This function saves the experiment. It saves the model and the reports. Uses joblib to save the model and pickle to save the reports.

Source code in framework\Experiment.py

def save(self):
    """This function saves the experiment. It saves the model and the reports. Uses joblib to save the model and pickle to save the reports.
    """
    with mlflow.start_run(nested = True, experiment_id=self.experiment_id, run_id=self.run_id) as run:  

        repository = get_artifact_repository(run.info.artifact_uri)
        try:
            repository.delete_artifacts(mlflow.get_artifact_uri("experiment.pkl"))
            repository.delete_artifacts(mlflow.get_artifact_uri("metadata.yaml"))
            repository.delete_artifacts(mlflow.get_artifact_uri("reports"))
        except:
            pass

    experiment_to_be_saved = deepcopy(self)
    if isinstance(self.model, tf.keras.models.Model):
        self.model.save(os.path.join(os.getcwd(), "runs", self.run_id, "model.keras"))
        experiment_to_be_saved.model = None
        with mlflow.start_run(nested = True, experiment_id=self.experiment_id, run_id=self.run_id) as run:
            mlflow.log_artifact(os.path.join(os.getcwd(),"runs", self.run_id, "model.keras"), "model")


    with open(os.path.join(os.getcwd(), "runs", self.run_id, "experiment.pkl"), "wb") as f:
        joblib.dump(experiment_to_be_saved, f)

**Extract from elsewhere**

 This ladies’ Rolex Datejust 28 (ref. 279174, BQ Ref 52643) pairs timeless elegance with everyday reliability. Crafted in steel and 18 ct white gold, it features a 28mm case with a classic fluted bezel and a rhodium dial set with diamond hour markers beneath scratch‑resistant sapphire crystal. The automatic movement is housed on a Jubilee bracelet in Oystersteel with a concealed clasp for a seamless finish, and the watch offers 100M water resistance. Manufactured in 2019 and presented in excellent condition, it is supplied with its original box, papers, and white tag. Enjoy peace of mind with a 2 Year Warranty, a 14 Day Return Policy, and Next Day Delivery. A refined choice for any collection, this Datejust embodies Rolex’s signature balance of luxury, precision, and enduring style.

    for k, v in self._report_registry.items():  

        with open(os.path.join(os.getcwd(), "runs", self.run_id, "reports", f"{k}.json"), "w") as f:
            write_json(v, f)  #os.path.join(os.getcwd(), "runs", self.run_id, "reports", f"{k}.json") 

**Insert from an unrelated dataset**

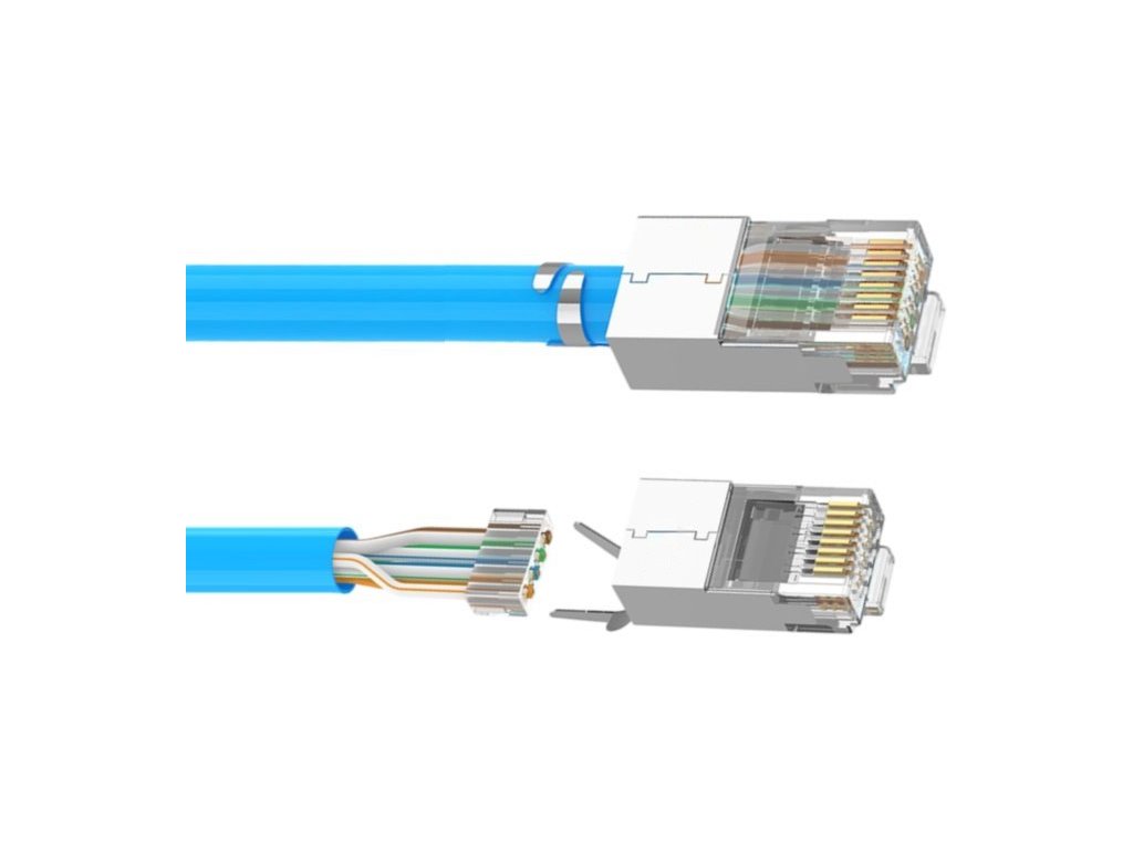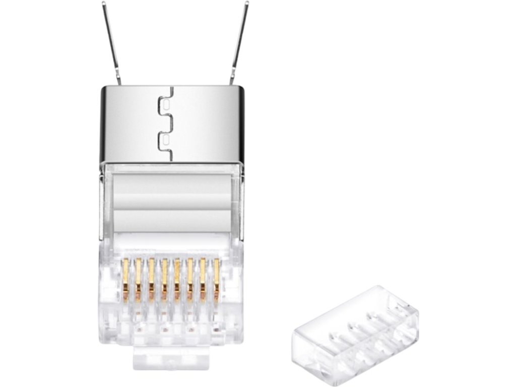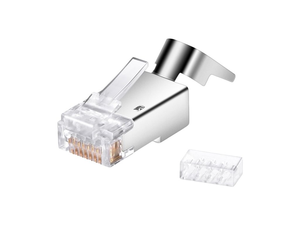 Skládaný stíněný konektor RJ45 s instalační vložkou včetně kovového uchycení přívodního kabelu od značky Conexpro je navržen pro použití s STP/FTP kabelem třídy CAT6A s vodiči typu drát. Tyto konektory jsou nedílnou součástí strukturované kabeláže a jsou pečlivě navrženy tak, aby zajišťovaly bezproblémové spojení mezi kontakty konektoru a měděnými vodiči datového kabelu se zapojením 8p8c. Kontakty konektorů jsou pokryty 50µ zlatem, což zvyšuje jejich odolnost a spolehlivost.

        with mlflow.start_run(nested = True, experiment_id=self.experiment_id, run_id=self.run_id) as run:
            mlflow.log_artifact(os.path.join(os.getcwd(),"runs", self.run_id,"reports" , f"{k}.json"), "reports")

    for k,v in self._eda_registry.items():
        with open(os.path.join(os.getcwd(), "runs", self.run_id, "reports", f"eda_{k}.json"), "w") as f:
            write_json(v, f)
        with mlflow.start_run(nested = True, experiment_id=self.experiment_id, run_id=self.run_id) as run:
            mlflow.log_artifact(os.path.join(os.getcwd(),"runs", self.run_id,"reports" , f"eda_{k}.json"), "reports")

    yaml.dump(self.cfg, open(os.path.join(os.getcwd(), "runs", self.run_id, "metadata.yaml"), "w"))

    with mlflow.start_run(nested = True, experiment_id=self.experiment_id, run_id=self.run_id) as run:
            mlflow.log_artifact(os.path.join(os.getcwd(),"runs", self.run_id,  "experiment.pkl"), "")
            mlflow.log_artifact(os.path.join(os.getcwd(),"runs", self.run_id, "metadata.yaml"), "")

`setup(data, *args, **kwargs)`

This function sets up the experiment. It is called before training the model.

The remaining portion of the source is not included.